DATA TO EXAMINE section start

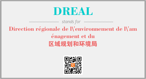 上述内容是“Direction régionale de l\'environnement de l\'aménagement et du”作为“DREAL”的缩写,解释为“区域规划和环境局”时的信息,以及英文缩略词DREAL所代表的英文单词,其对应的中文拼音、详细解释以及在英文中的流行度和相关分类、应用领域及应用示例等。
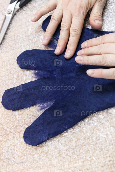 Мастер кладет волокна на пальцы мокрой перчатки
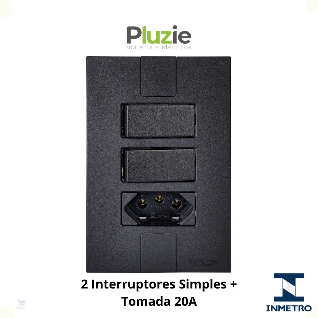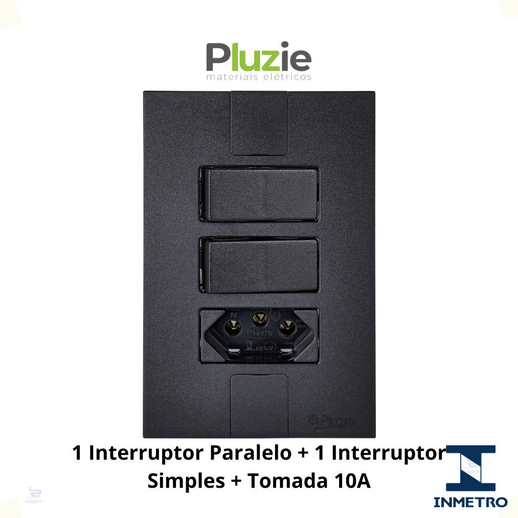 Tomada Interruptor Preto Fosco Linha Caprice Pluzie
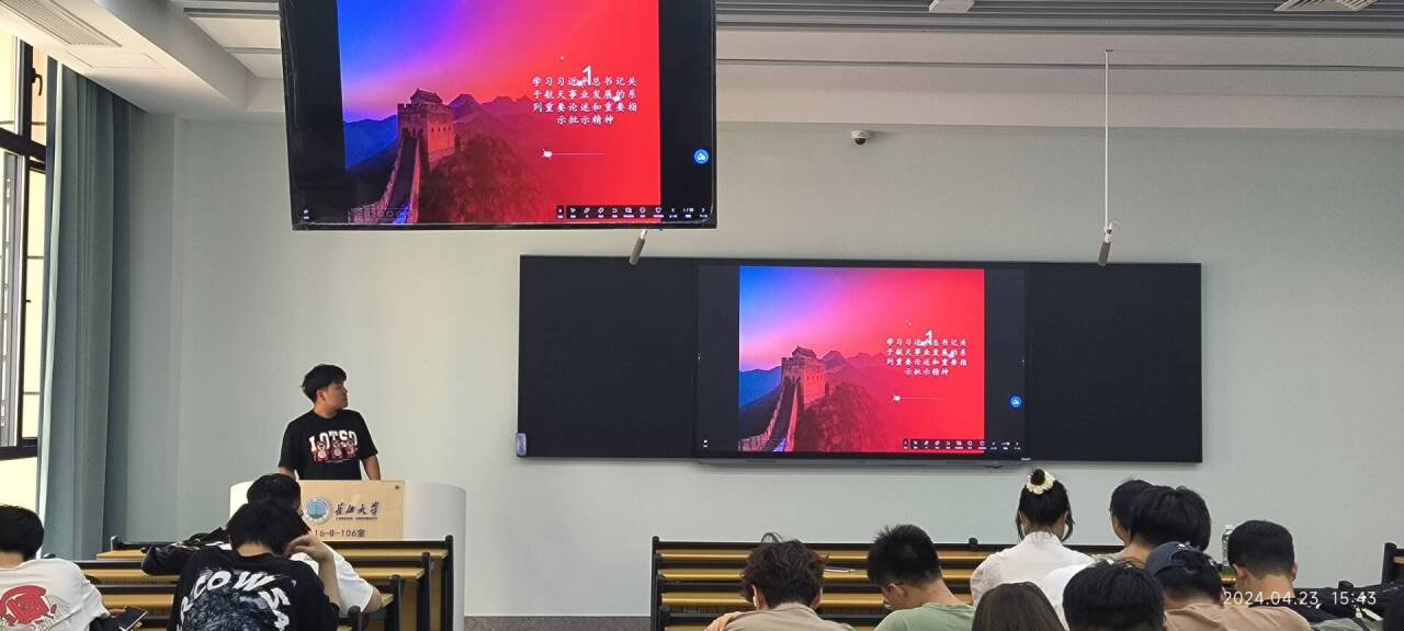 (通讯员 姚维)为深入学习宣传贯彻党的二十大精神及团十九大精神,根据团中央关于面向广大团员和青年开展学习贯彻习近平新时代中国特色社会主义思想主题教育的部署安排,太阳成城集团tyc234cc官网团委组织各班级召开四月主题班团会。 4月23日晚,电信类12302团支部在13教D122召开本次主题班团会。在团支书牛宇蒙的主持下,大家学习了习近平总书记关于航天事业发展的系列重要论述和指示精神。习近平总书记强调,创新是引领发展的第一动力,青少年应成为创新的主力军;会上还深入开展国家安全教育日学习活动,开展社会主义核心价值观学习宣传教育,会议最后,同学们观看了爱国主义、集体主义和社会主义教育的实践意义的短视频。 4月23日下午,人工智能12201班于16教B106室开展团日活动。团支部书记南林江带领同学们深入学习了习近平总书记关于航天事业发展的系列重要论述和指示精神,主持人鼓励大家积极参与学科竞赛,培养创新精神。最后,南林江同学向入党积极分子强调了理论学习和入党培训的重要性。 4月22日上午,电卓12201班在16教B403举行此次班团会,主持人岳斯琦带领大家学习习近平总书记关于科技创新的重要论述和指示批示精神,希望广大青年弘扬“两弹一星”精神和载人航天精神,勇于创新,在逐梦的征途上发出夺目光彩。最后,团支书强调了青年大学习网上主题团课的重要性和必要性。 学习新思想,做好接班人是我们青年人的时代使命和责任担当。习近平总书记对当代青年给予殷切期望,我们要以饱满的热情和坚定的信念投身到这一伟大事业中去,为实现中华民族伟大复兴的中国梦贡献青春力量。 (审核 康玮 编辑 李蒙)
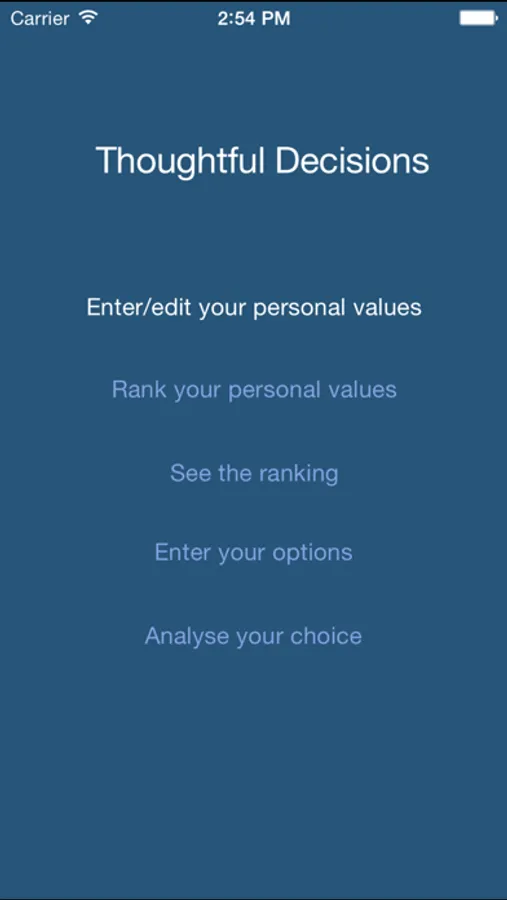 This app will help you analyse your important decisions - by first identifying and ranking your core personal values, and then looking at each choice you have to see how consistent it is with your core values. You will then get a list of your options scored and ordered, so you can see which of them appears to be most in line with what you define as being important to you.

DATA TO EXAMINE section end

__WHAT IS BEING ASKED__: Beginning at the first line of the listing, print each line exactly until and including the one that has "Tomada Interruptor Preto"; skip pictures.

__SOLUTION FOR THIS TASK__:
 上述内容是“Direction régionale de l\'environnement de l\'aménagement et du”作为“DREAL”的缩写,解释为“区域规划和环境局”时的信息,以及英文缩略词DREAL所代表的英文单词,其对应的中文拼音、详细解释以及在英文中的流行度和相关分类、应用领域及应用示例等。
 Мастер кладет волокна на пальцы мокрой перчатки
 Tomada Interruptor Preto Fosco Linha Caprice Pluzie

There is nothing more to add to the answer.